Many years ago, I used to work in a wine shop.  Late one night, a regular customer came in to tell us that he’d just seen a man nick one of our blackboards.  These were big, heavy boards that we propped up outside the shop, advertising the latest deals. 

Now I’ve seen all kinds of things shoplifted in my time, by the hopeless off-their-face druggies taking a can of strong beer to the highly professional gangs taking champagne and the expensive wine, but no-one had every stolen a blackboard before.  I mean they are big, bulky and of no practical use (even as advertising they were highly suspect).  As the only girl in the team, it was my job to chase after the shoplifters.  OK, it wasn’t my job, but the six foot plus boys I worked with were big scaredy cats, so I walked out of the shop to have a look.  Sure enough, just heading round the corner, were two men, slightly weaving, one of which had a board tucked under his arm.

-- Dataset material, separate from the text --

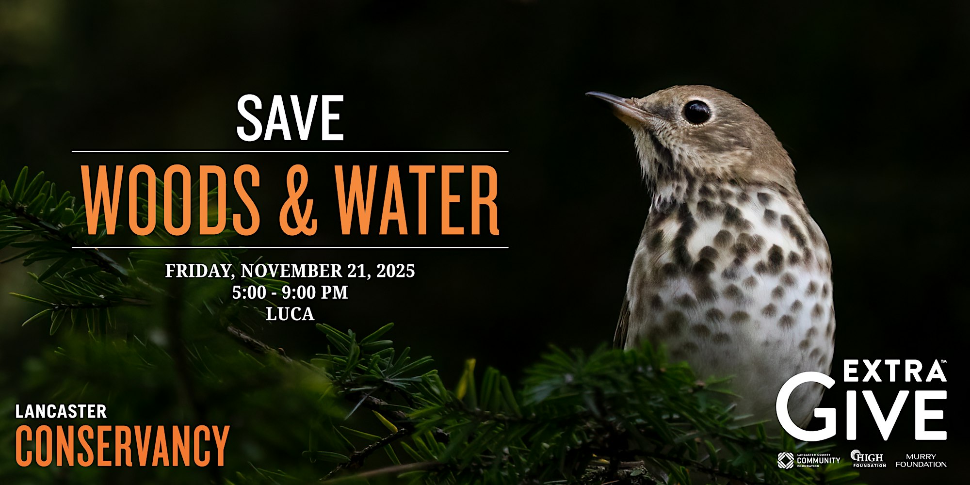 Stop by LUCA any time from 5:00 – 9:00 p.m. on November 21 to dine, drink, and donate to save nature as we celebrate the ExtraGive! Enjoy LUCA’s award-winning food and a fantastic drink on us while DJ Image spins tunes. We’ll also have a giving room set up to help you make your ExtraGive donations. Together, we can protect the beautiful woods and water that make our community such a wonderful place to live and explore! This event is free to attend, but we hope you will consider making a donation during the ExtraGive on Friday, November 21 to help us protect and restore our natural lands!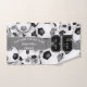 Esta toalla de espíritu de equipo para jugadores de fútbol tiene balones de fútbol de tamaño variado con colores de equipo negro y gris girados de todas maneras en un fondo blanco y un número prominente de camiseta en negro sobre una franja de color gris de longitud completa, sobre la que también se puede personalizar el nombre del atleta, nombre del equipo y nombre de la mascota en blanco - por katz_d_zynes

Wanting to catch them before they got too far, I jogged down the road to catch up, shouting “Please may I have my board back?” as I rounded the corner.  The two guys swung round and to my horror I realised that one of them was Cider Man. 

Cider Man a totally unhinged, off-his-face man who would come into the shop and demand to know why we didn’t keep cider in the fridge (any guesses as to why we didn’t). The conversation would always end up with him shouting at us, then he’d stagger off across the road to the other shop that did keep their cider in the fridge and harass the staff in there.  One night, I’d had a bad run in with him and he ended up hanging around outside the shop waiting for closing time having made thinly veiled threats to kill me.  Even when the I’d stood up to a gang of six, big, guys who’d come in to nick champagne (the boys cowered behind the counter) or had a shoplifter grab my arm when I was taking down the number plate of his get-away car, I hadn’t been worried.  They were sober and predictable.  This guy was totally psychopathic and it’s the only time I had been scared.

By now I was mentally kicking myself and praying that he didn’t remember who I was, as we stood in a dark, quiet, side street.  This is the mad thing about London.  Behind me was a busy, wealthy, Fulham road.  Down this side street, the road was quiet, badly lit and lead to really rough council estate.

“What board?”  He asked, turning to look innocently round him, the large board almost bashing his friend as he turned.

“Umm, that board..” I pointed.

“I don’t see a board.”

Just as I thought this was going to go on all night, and did I really want the board back that much…..Cider Man’s friend had obviously had come to a similar conclusion.

“Oh for god sake, just give the girl back her board!”

Cider Man looked down and did the perfect comedy double-take.  “Well how did that get there?!”

Striking while the going was good, I grabbed the board, politely said thank you and lugged the board back to the shop and my waiting regulars and useless colleagues.